Je vais vous parler de quelqu’un, qui à l’instar de Maître Jacques, a plusieurs casquettes, trois plus précisément : Frédéric Rey est en effet responsable de programmation du Théâtre de la Semeuse, du centre culturel de La Providence et metteur en scène, avec un goût prononcé pour la Commedia dell’ Arte. Mais d’abord…

Frédéric ReyJacques Barbarin : Frédéric Rey, commençons par le commencement, c’est-à-dire l’institution qu’est « La Semeuse ».

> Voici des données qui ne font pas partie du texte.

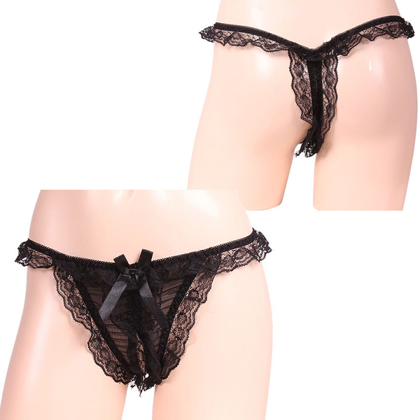トップページ > ランジェリー > オープン ブラ・ショーツ(穴あき) > レースの揺れ感が際立つオープンショーツ ブラック

Frédéric Rey : C’est d’une des plus anciennes associations de Nice, créée en 1904. A l’origine c’était un patronage catholique, dans les années 50 c’est devenu une association d’éducation populaire laïque. Aujourd’hui c’est toujours une association d’éducation populaire, avec 4000 membres, des activités aussi bien culturelles, que sociales, socio-éducatives, sportives… Et au sein de cette grosse maison il y a deux salles de spectacles, le théâtre de la Semeuse et le Centre Culturel de la Providence. Le théâtre est l’une des premières activités dès 1910, il y avait déjà une troupe de théâtre qui à l’époque était amateur. Elle n’avait pas sa propre salle, elle jouait au Théâtre de Verdure, dans divers lieux. Elle jouait soit des pièces de Francis Gag, soit d’autres auteurs de l’époque. A partir des années 80, des metteurs en scène ont commencé à créer plus professionnellement La Semeuse jusqu’à aujourd’hui. Actuellement, la quasi-totalité de la programmation est d’origine professionnelle.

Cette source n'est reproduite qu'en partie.